In 1946 the British announced plans for a Malayan Union, which would turn the Federated and Unfederated Malay States, plus Penang and Malacca (but not Singapore), into a unitary state, with a view to independence within a few years. There would be a common Malayan citizenship regardless of race. The Malays were horrified at this recognition that the Chinese and Indians were now to be a permanent and equal part of Malaya’s future, and vowed their opposition to the plan. The Sultans, who had initially supported it, backed down and placed themselves at the head of the resistance. In 1946 the United Malays National OrganisationDato Onn bin Jaafar, the Chief Minister of Johore. UMNO favoured independence for Malaya, but only if the new state was run exclusively by the Malays. Faced with implacable Malay opposition, the British dropped the plan. (UMNO) was founded by Malay nationalists led by

Meanwhile the Communists were moving towards open insurrection. The MPAJA had been disbanded in December 1945, and the MCP organised as a legal political party, but the MPAJA’s arms were carefully stored for future use. The MCP policy was for immediate independence with full equality for all races. This meant it recruited very few Malays. The Party’s strength was in the Chinese-dominated trade unions, particularly in Singapore, and in the Chinese schools, where the teachers, mostly born in China, saw the Communist Party of China as the leader of China’s national revival. In March 1947, reflecting the international Communist movement’s “turn to left” as the Cold War set in, the MCP leader Lai Tek was purged and replaced by the veteran MPAJA guerrilla leader Chin Peng, who turned the party increasingly to direct action. In July, following a string of assassinations of plantation managers, the colonial government struck back, declaring a State of Emergency, banning the MCP and arresting hundreds of its militants. The Party retreated to the jungle and formed the Malayan Peoples’ Liberation Army, with about 3,000 men under arms, almost all Chinese.

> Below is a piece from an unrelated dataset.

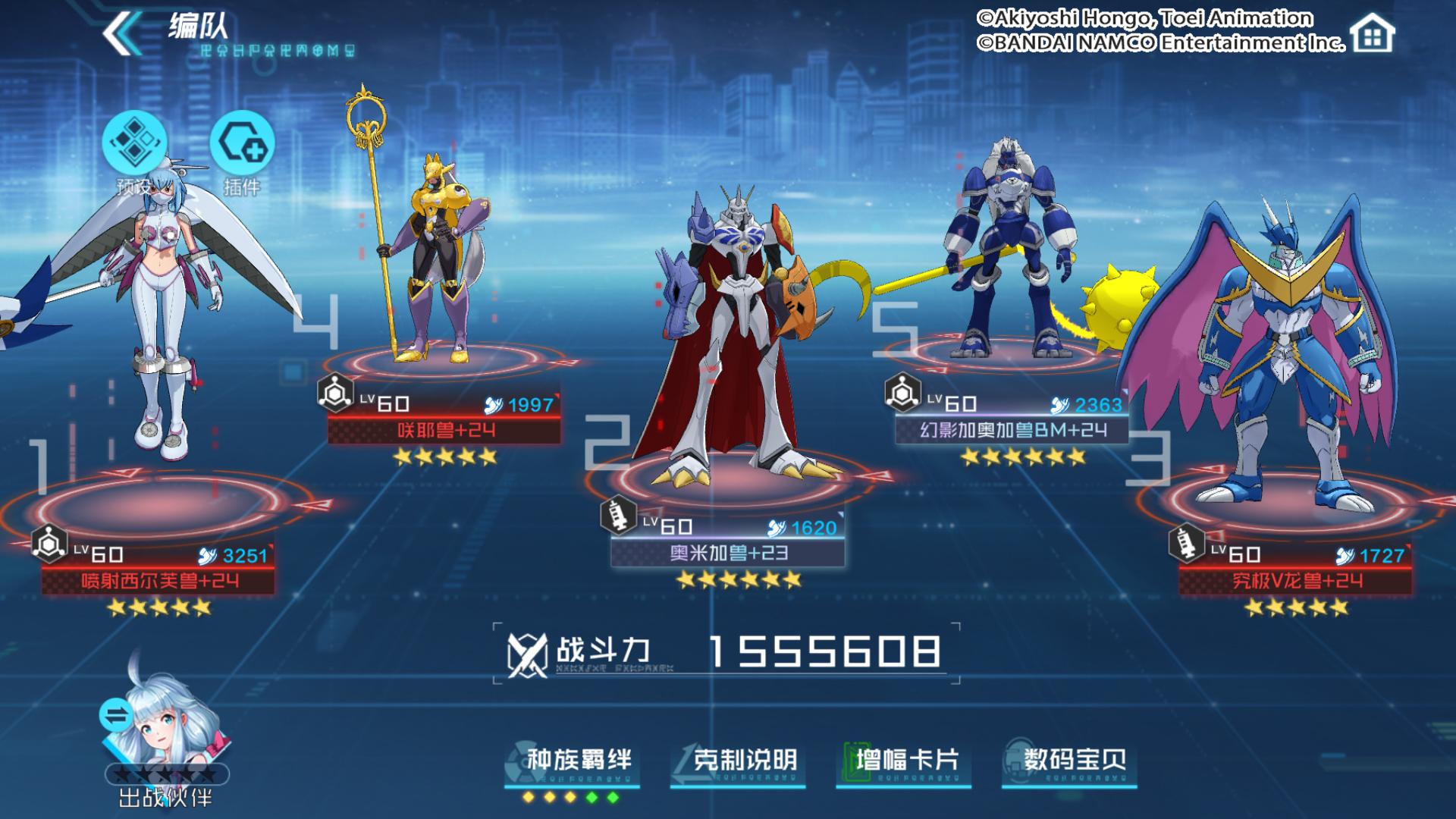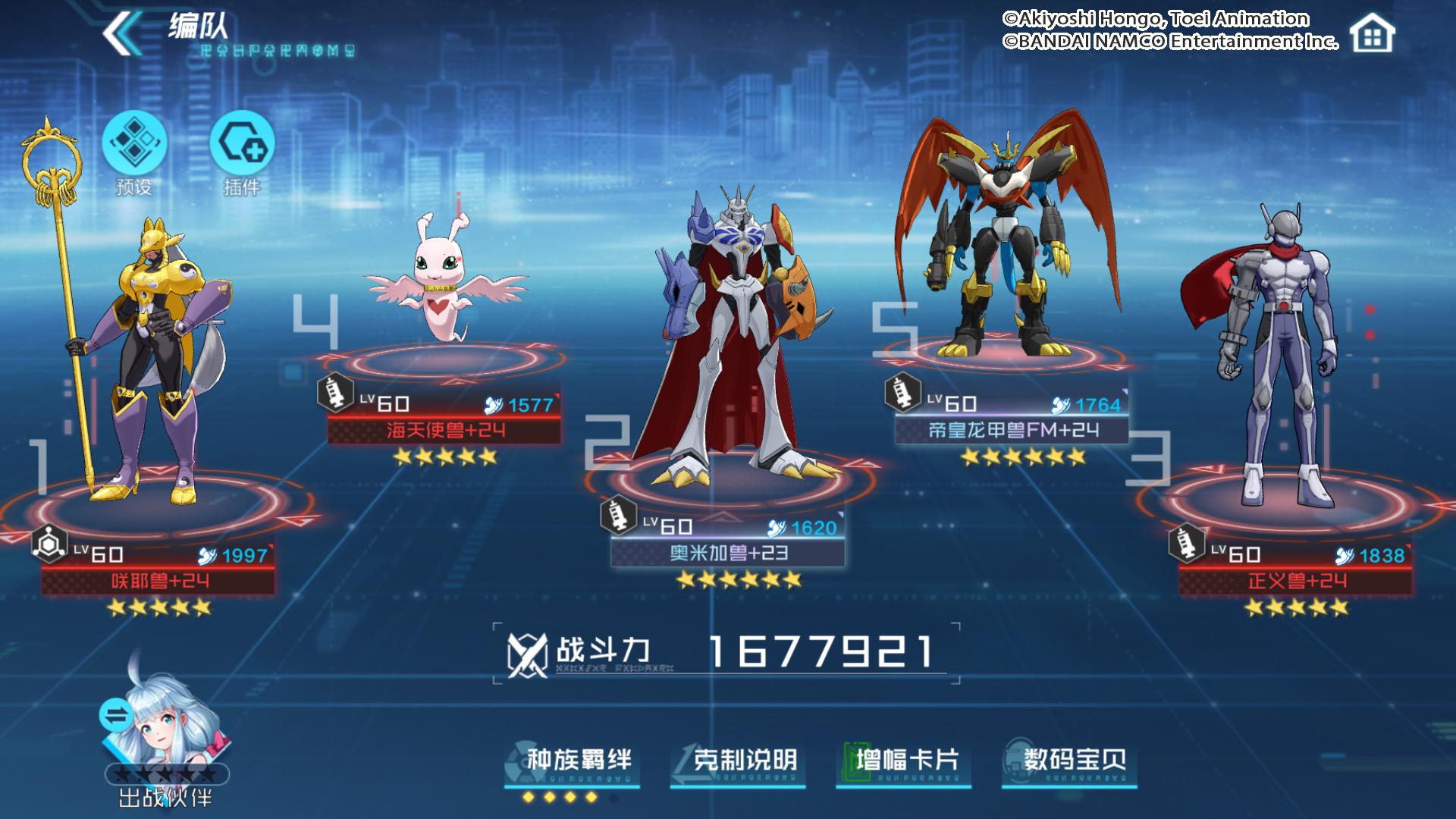 PVE阵容搭配:奥米加兽-咲耶兽-帝皇龙甲兽FM-正义兽-海天使兽
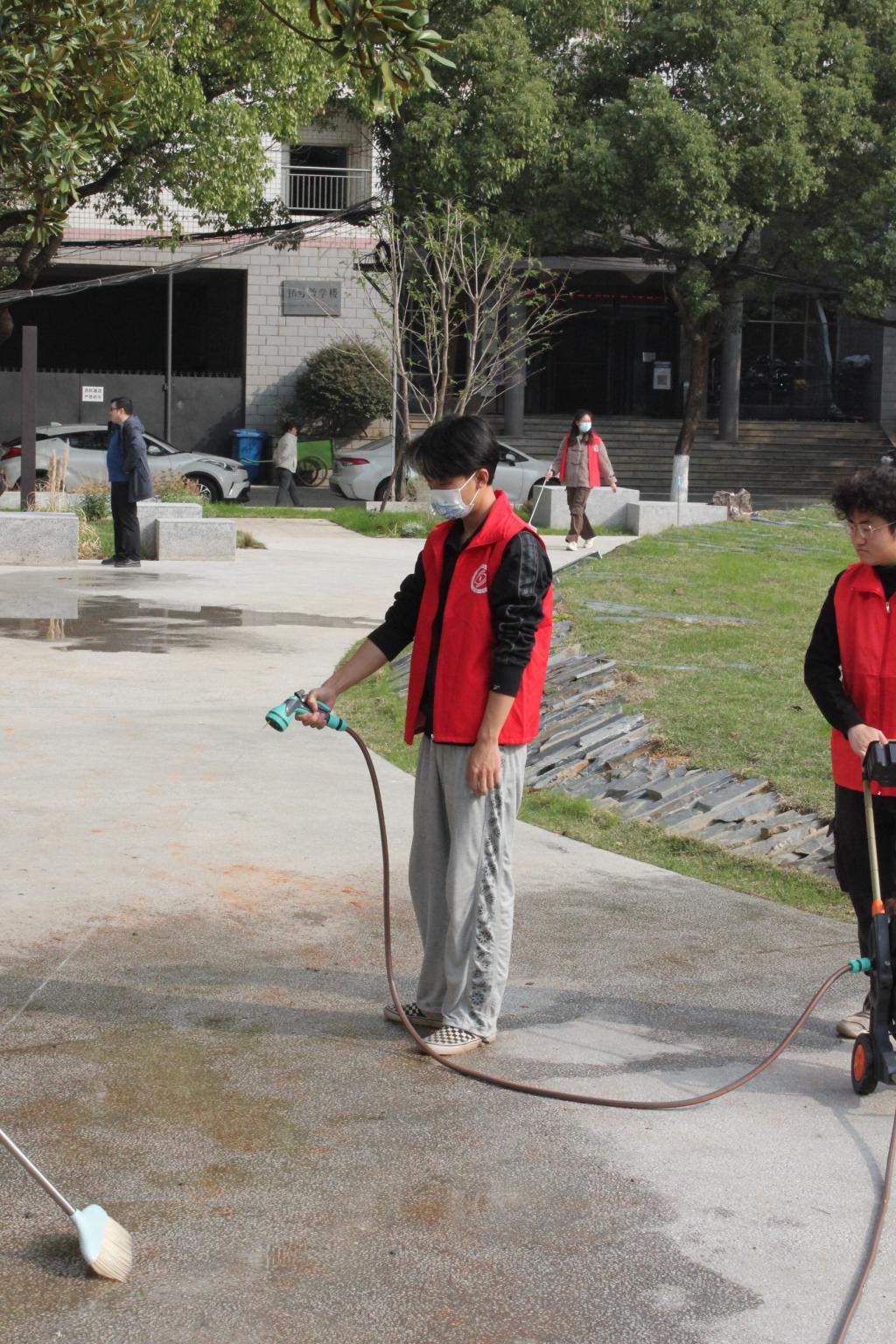 活动中,大家手持扫帚、抹布等清洁工具,发扬不怕脏、不怕累的精神,对基地石子地面、桌椅板凳等进行彻底清洁,相互合作,干劲十足,认真细致的打扫每个角落,确保卫生不留死角。从小花园到草皮、从走廊到落叶,大家热情高涨、亲密合作,全覆盖消除整个基地卫生死角,以同劳动、共抗疫的方式,为维护风景园林实践基地贡献力量。活动结束后,党员同志们主动将照片发至支部群中相互检查,在大家的共同努力下,整个基地环境焕然一新

The Malayan Emergency involved six years of bitter fighting across the Malayan Peninsula. The British strategy, which proved ultimately successful, was to isolate the MCP from its support base by a combination of economic and political concessions to the Chinese and the resettlement of Chinese squatters into “New Villages” in “white areas” free of MCP influence. The effective mobilisation of the Malays against the MCP was also an important part the British strategy. From 1949 the MCP campaign lost momentum and the number of recruits fell sharply. Although the MCP succeeded in assassinating the British High Commissioner, Sir Henry Gurney, in October 1951, this turn to “terrorist” tactics alienated many moderate Chinese from the Party. The arrival of Lt-Gen Sir Gerald Templer as British commander in 1952 was the beginning of the end of the Emergency. Templer invented the techniques of counter-insurgency warfare in Malaya and applied them ruthlessly.